Can the Cycle of Revenge Politics be Broken?

If you’re a Democrat, have you convinced yourself that if Biden is elected the country will return to some semblance of normalcy — like if a resolution that the sun rises in the east and sets in the west came to the floor, it could survive a senate filibuster?

Is it even remotely farfetched that the evangelical right, unable to continue molding the entire judiciary in their own image, would suggest that it is unsettled science?

[If you lean Republican, hang in there; only a few more lines before I get to the left].

Or that Mitch McConnell would summon the cynicism of elections past — to make Biden a one-term president — and try to deny him even this token win? Or that the malignant trio of Tucker Carlson, Laura Ingraham, and Sean Hannity would trot out spokespersons from QAnon and Patriots for Unproven Scandals (PUS) to breathlessly explain that the sun’s movements are controlled by a secret cabal headed up by Hillary Clinton?

No, not farfetched at all.

Because our political differences have become so emotional, so filled with rage, that neither party can stomach giving the other party a win — the good of the American people be damned.

Need proof?

If you are a Democrat, were you really happy that Trump got Al Baghdadi, because, you know, Trump? Did you try to find reasons to underplay agreements brokered by the administration with Saudi Arabia and Bahrain to establish diplomatic relations with Israel? And when Trump “discovered” hydroxychloroquine, did you cheer on every study that proved its ineffectiveness?

Now, the Republican party has its own ‘splainin to do.

While tit for tat political spats have been with us since the squirrel lobby attacked George Washington for taking down that cherry tree, the case can be made that the malevolent revenge variety was perfected by the right.

Let’s go back a few administrations.

The right would probably posit that the fangs came out when Bush II became president. And there’s some truth to that. But it would also have to ignore that when the Supreme Court handed Bush the election based upon a ruling so spurious that it explicitly stated it could never be used as precedent in another legal proceeding, that the left had reason to be a bit miffed.

Moreover, after the attacks on the World Trade Center, our political parties seamlessly came together.

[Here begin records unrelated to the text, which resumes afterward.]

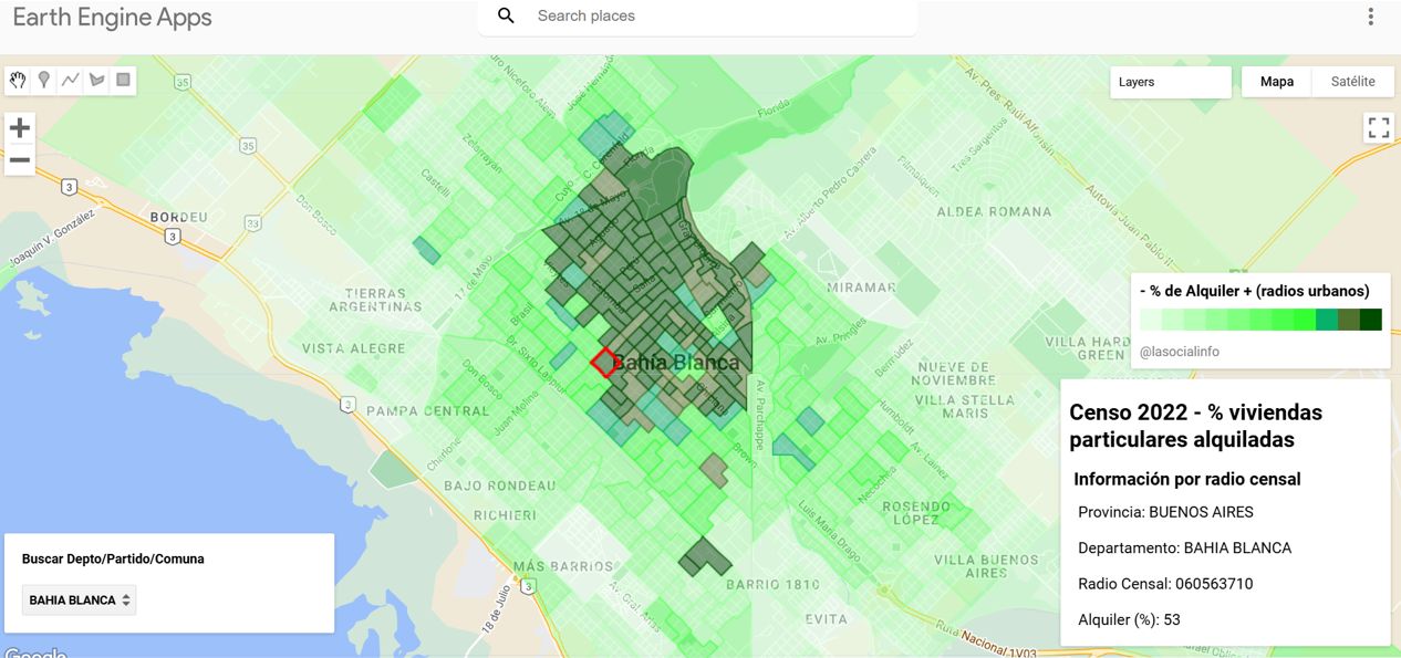 ¿Qué es el «Mapa de la Impropiedad»? La proporción de viviendas particulares alquiladas en los radios censales urbanos a nivel nacional. Nuevamente, es interesante analizarlo a nivel ciudad o localidad. La app tiene un buscador (algo rudimentario… es lo que hay) por departamento, partido o comuna, para facilitar la navegación.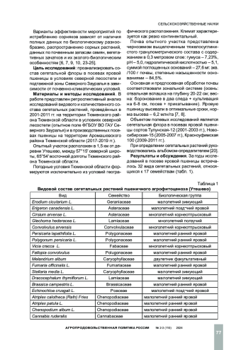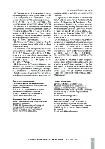 25. Fisunov, N. Influence of basic tillage and coulisse strips on the weed infestation and yield of spring wheat (Triticum aestivum) in the Tyumen region / N. Fisunov, O. Shulepova, N. Sannikova. - Text: unmediated // Research on Crops. - 2022. - Vol. 23. - ISSUE 4 (december). DOI: 10.31830/2348-7542.2022.roc-905 EDN: YGVYAY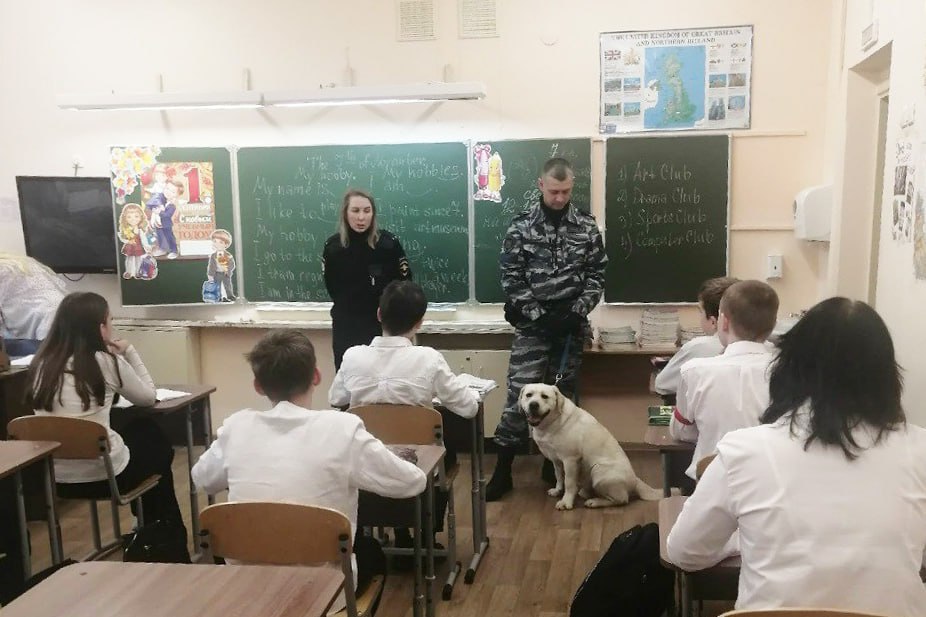 Интерес детей вызвало знакомство с кинологом со служебно-розыскной собакой, обученной на поиск запрещенных веществ.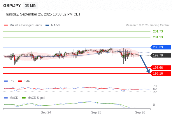 英镑/日元 当日内: 看跌,在 200.39 之下。

And while that unity degraded over time, it never devolved into spittle specked rage.

No, that rage was reserved for Barrack Obama.

Was it because he was Black? Or because he had the gall to suggest that America, in all its greatness, was not perfect? Or that he was the coolest kid on the block with an outside shot to match?

We can pretend we don’t know.

But we do.

Presidents have been elected time immemorial with dissenting voters and opposing parties being unhappy. But there’s unhappy, and there’s pathological intransigence. As different as black and white. Literally.

Feel free to pretend otherwise.

But what you can’t ignore is that from day one, the Republican party consistently rebuffed Obama’s efforts to reach across the aisle, sometimes in such spectacular fashion as to block ideas it had previously supported.

Take health care reform.

It’s well known that the individual mandate, the most controversial element of the Affordable Care Act, was endorsed by the conservative Heritage Foundation. In fact, it was modeled after legislation enacted by Republican Mitt Romney when he was governor of Massachusetts. What’s more, to make the legislation more palatable to the right, the left sacrificed its beloved public option. In the end, then, a bill that checked off many of the boxes the right wanted.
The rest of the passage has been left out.